(Stored data)

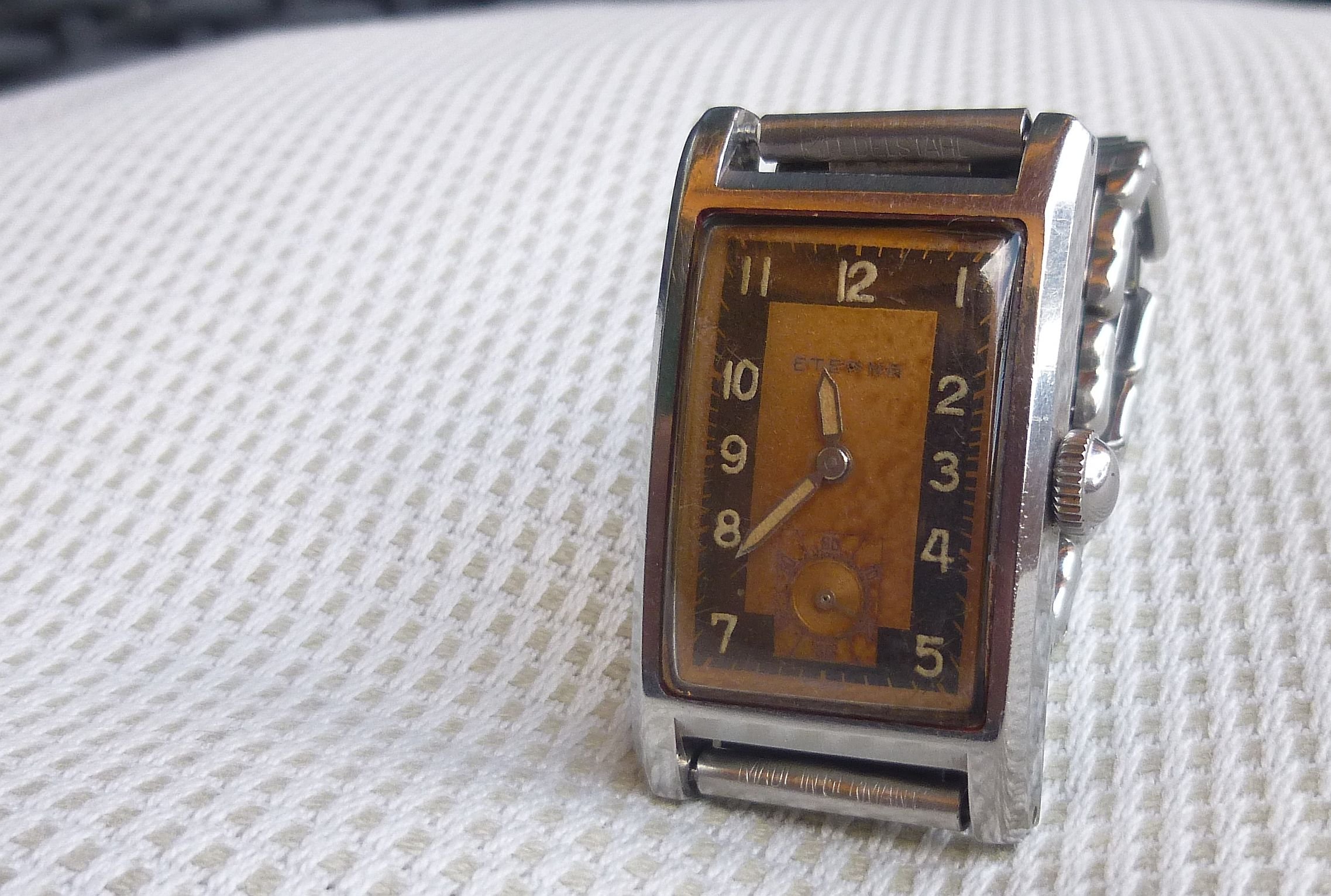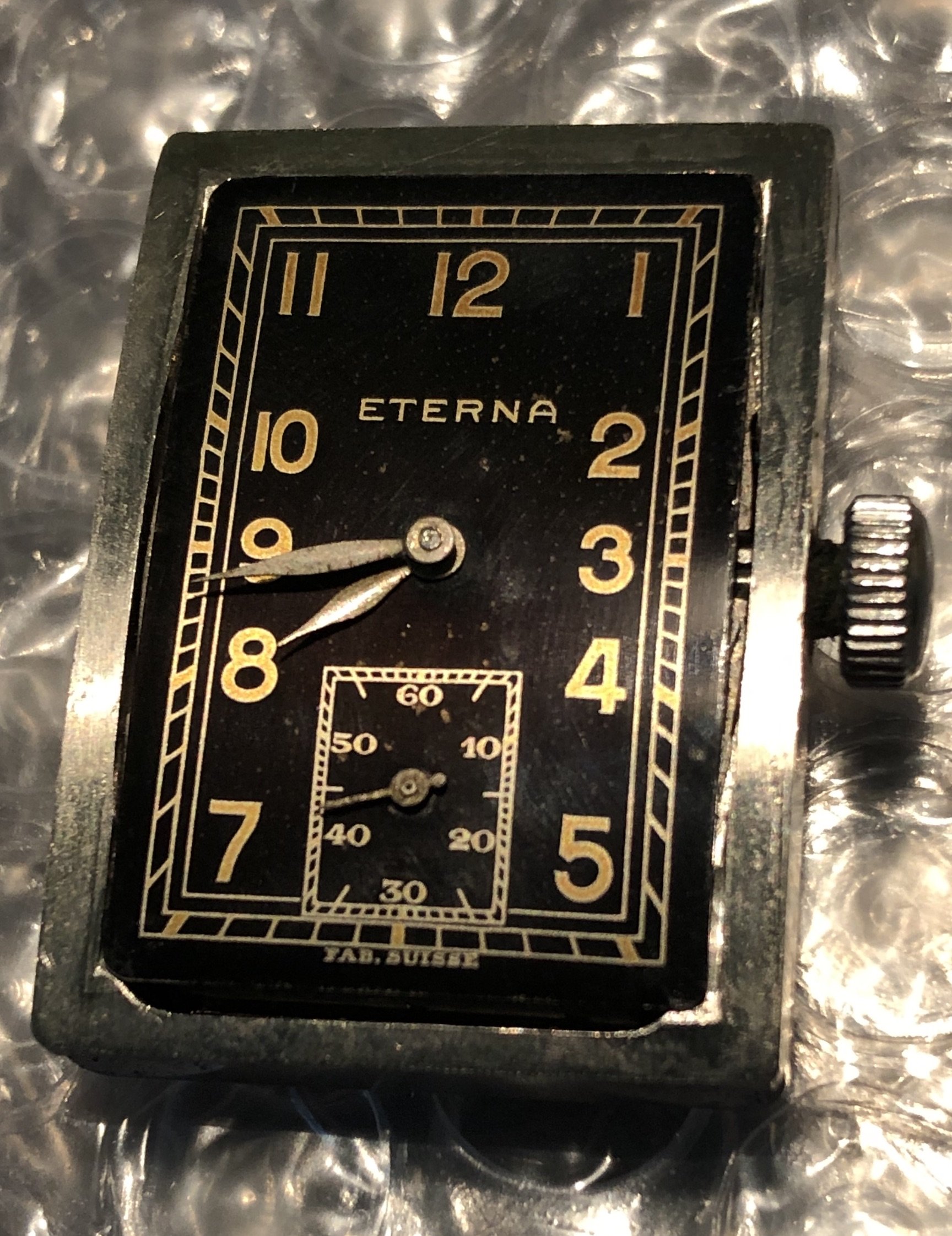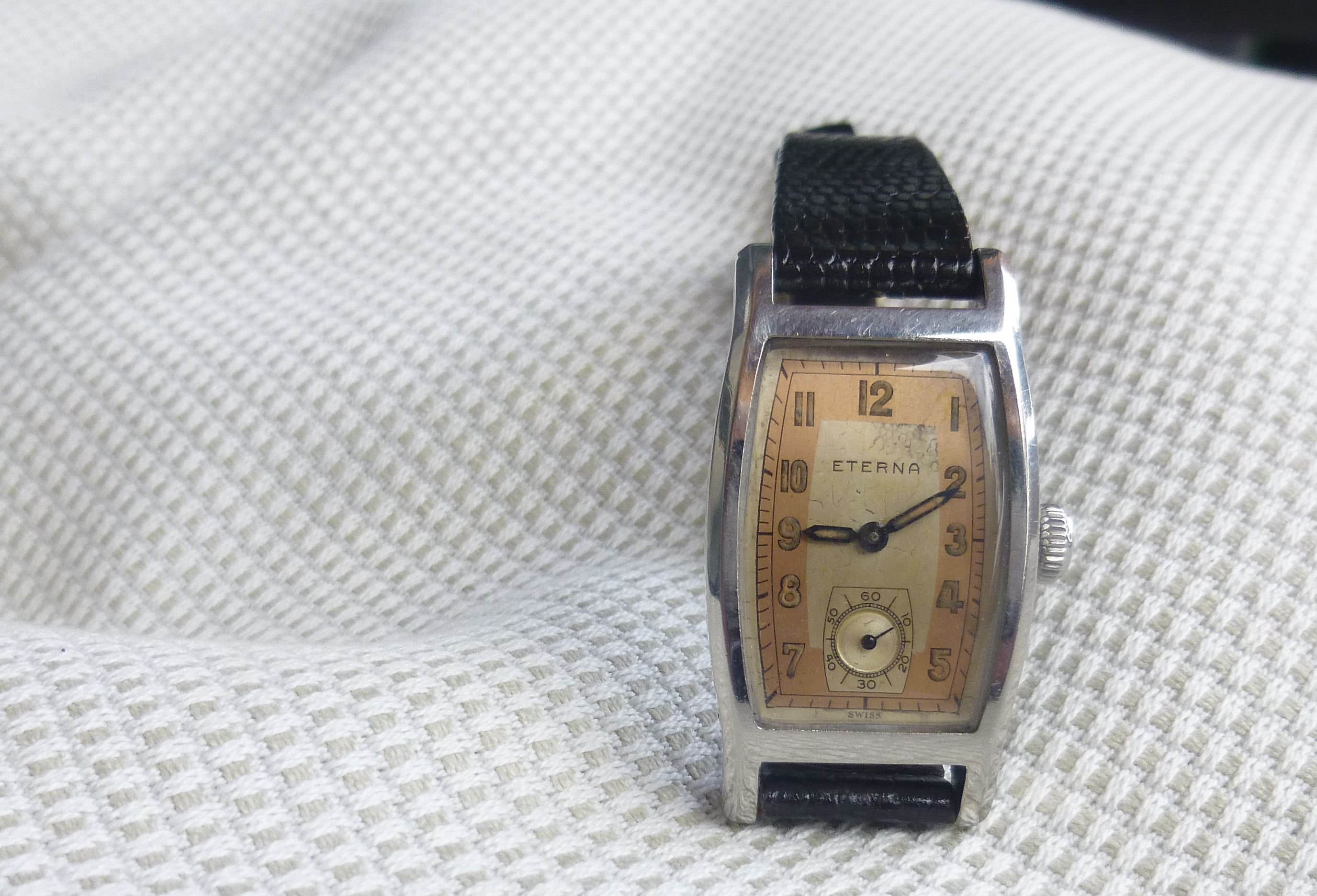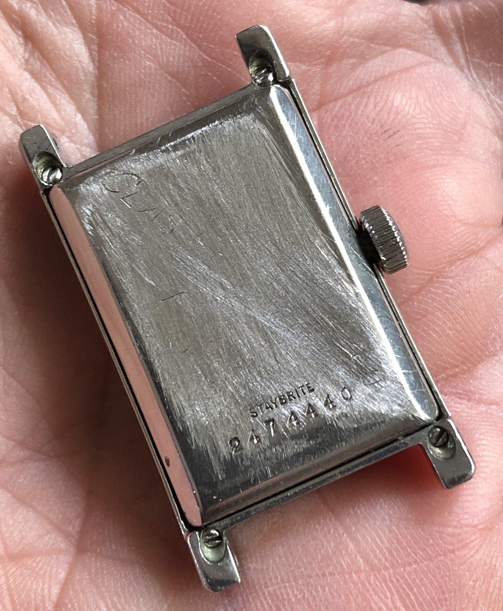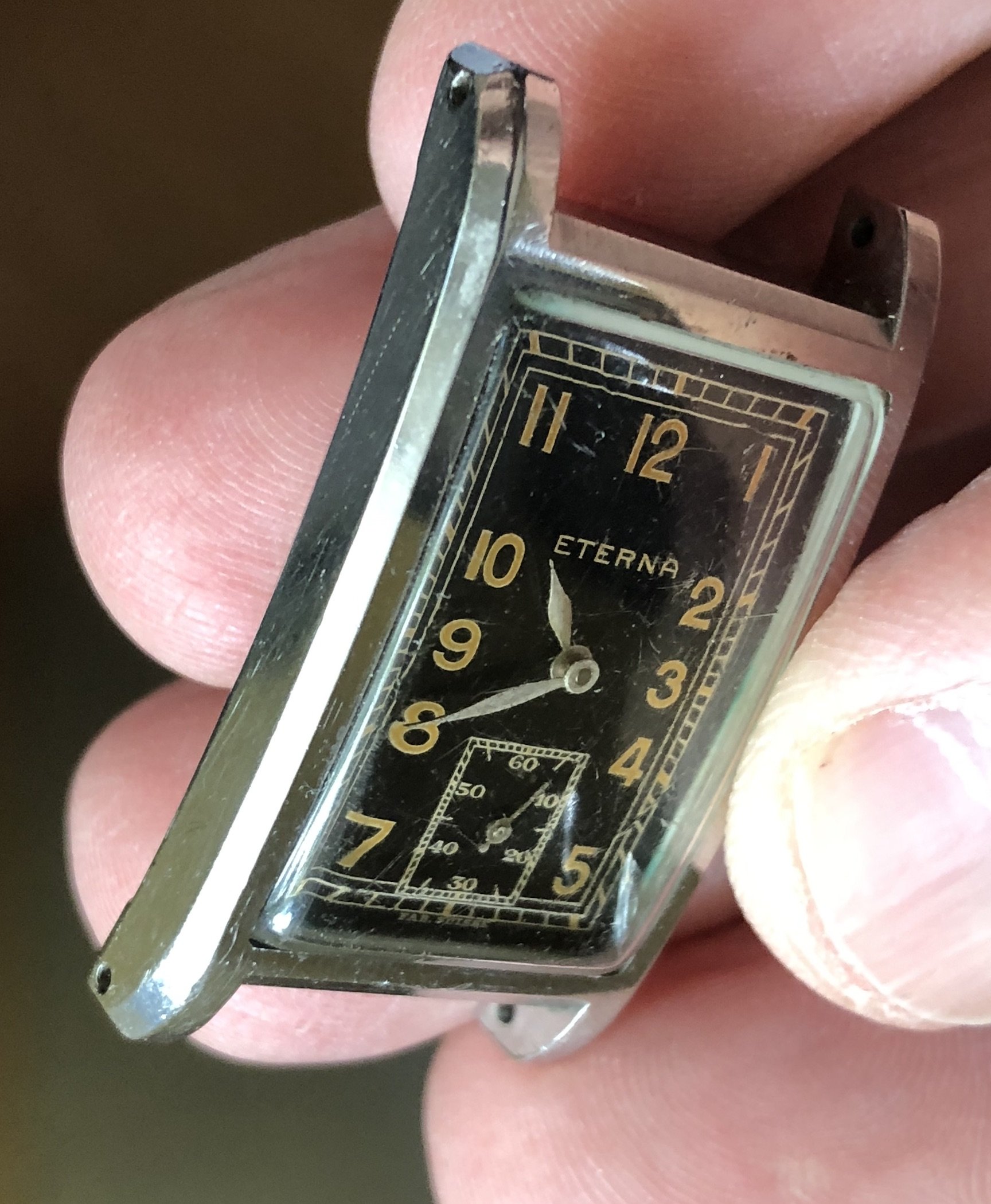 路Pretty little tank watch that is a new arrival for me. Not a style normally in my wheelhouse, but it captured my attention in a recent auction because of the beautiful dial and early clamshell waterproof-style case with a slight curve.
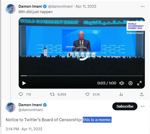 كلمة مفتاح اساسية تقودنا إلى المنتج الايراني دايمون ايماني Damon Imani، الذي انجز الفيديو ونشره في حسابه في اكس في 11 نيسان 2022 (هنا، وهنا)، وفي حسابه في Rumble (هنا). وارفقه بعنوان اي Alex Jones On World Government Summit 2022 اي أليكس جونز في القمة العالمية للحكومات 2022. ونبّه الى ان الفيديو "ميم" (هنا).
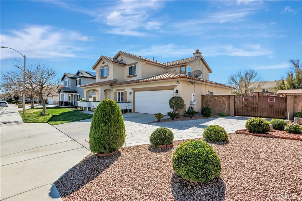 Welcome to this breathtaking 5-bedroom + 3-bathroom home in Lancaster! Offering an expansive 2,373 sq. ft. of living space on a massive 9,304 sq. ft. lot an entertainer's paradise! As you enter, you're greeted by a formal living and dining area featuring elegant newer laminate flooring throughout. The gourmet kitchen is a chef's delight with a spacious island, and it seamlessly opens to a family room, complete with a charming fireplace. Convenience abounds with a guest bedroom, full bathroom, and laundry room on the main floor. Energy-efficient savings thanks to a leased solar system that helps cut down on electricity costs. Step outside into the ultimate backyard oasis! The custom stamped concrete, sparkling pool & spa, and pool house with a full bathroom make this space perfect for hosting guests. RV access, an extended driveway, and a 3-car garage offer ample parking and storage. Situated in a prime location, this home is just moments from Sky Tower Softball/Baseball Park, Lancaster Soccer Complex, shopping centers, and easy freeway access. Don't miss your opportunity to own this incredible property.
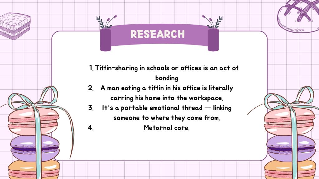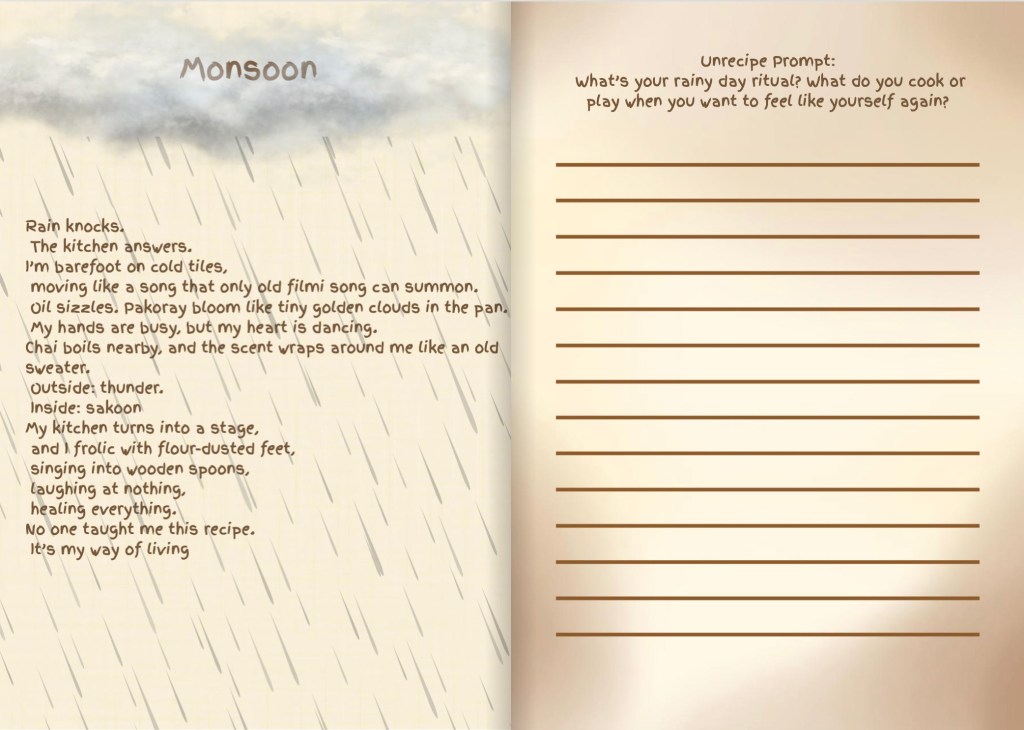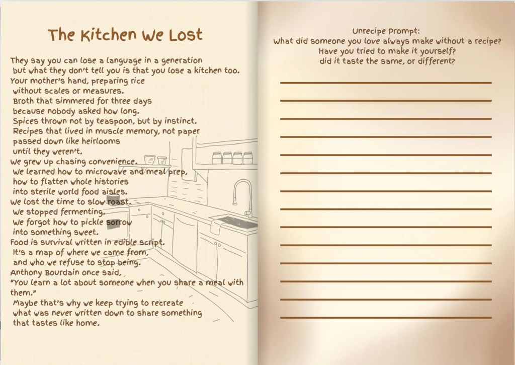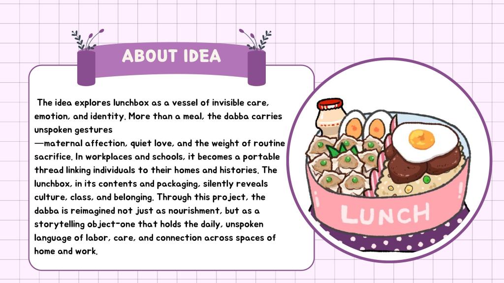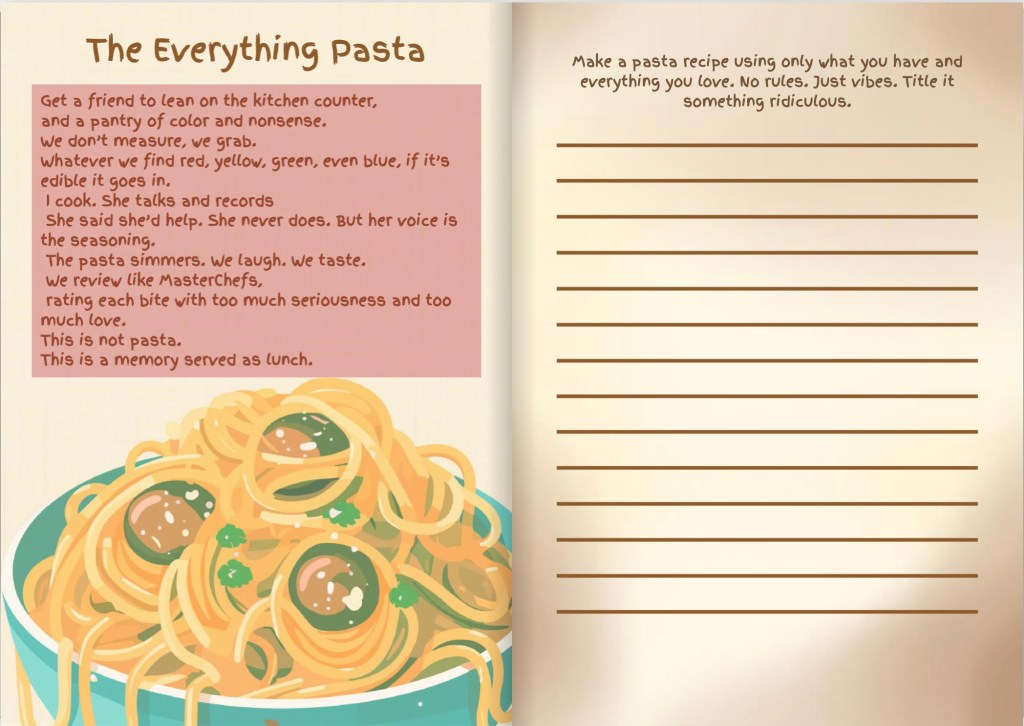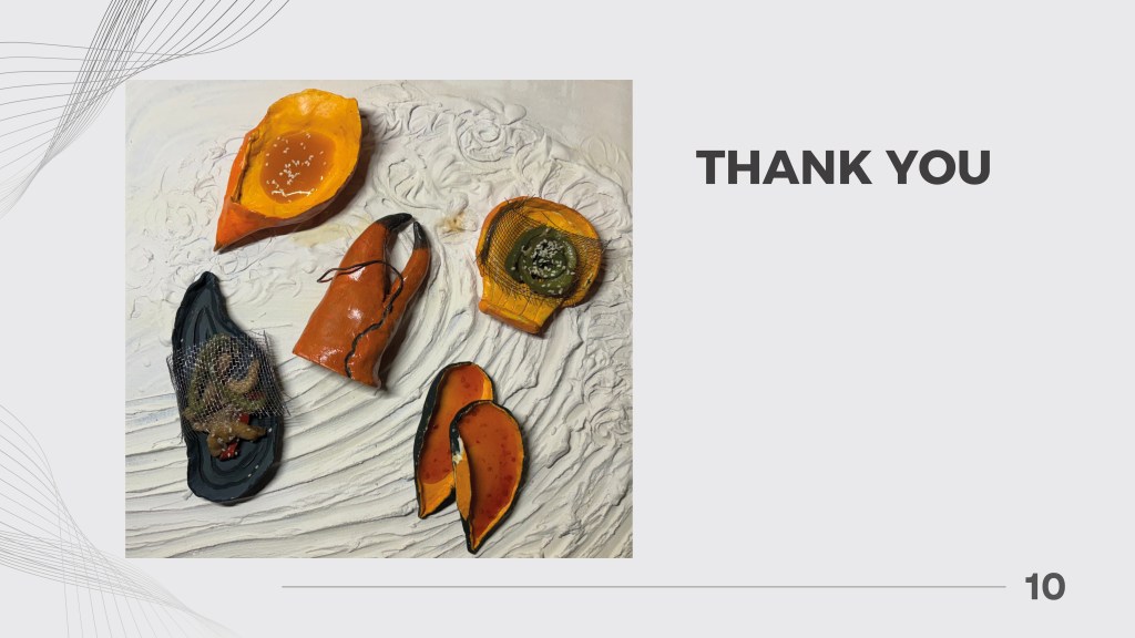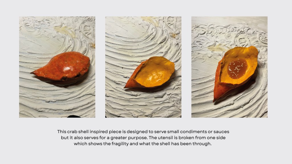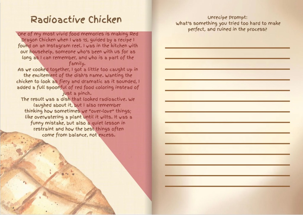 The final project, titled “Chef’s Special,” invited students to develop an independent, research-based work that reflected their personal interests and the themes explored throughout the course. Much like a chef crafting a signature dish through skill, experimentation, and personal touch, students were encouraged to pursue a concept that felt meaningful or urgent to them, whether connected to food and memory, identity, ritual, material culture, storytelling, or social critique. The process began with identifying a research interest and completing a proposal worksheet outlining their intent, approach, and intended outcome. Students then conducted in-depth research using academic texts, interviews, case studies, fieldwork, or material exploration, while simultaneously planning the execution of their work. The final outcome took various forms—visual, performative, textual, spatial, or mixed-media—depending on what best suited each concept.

(End Stored data)

Look at the listing and set down only the lines from its start through the line with "كلمة مفتاح اساسية", word for word and without pictures.

Reply to the task:
 路Pretty little tank watch that is a new arrival for me. Not a style normally in my wheelhouse, but it captured my attention in a recent auction because of the beautiful dial and early clamshell waterproof-style case with a slight curve.
 كلمة مفتاح اساسية تقودنا إلى المنتج الايراني دايمون ايماني Damon Imani، الذي انجز الفيديو ونشره في حسابه في اكس في 11 نيسان 2022 (هنا، وهنا)، وفي حسابه في Rumble (هنا). وارفقه بعنوان اي Alex Jones On World Government Summit 2022 اي أليكس جونز في القمة العالمية للحكومات 2022. ونبّه الى ان الفيديو "ميم" (هنا).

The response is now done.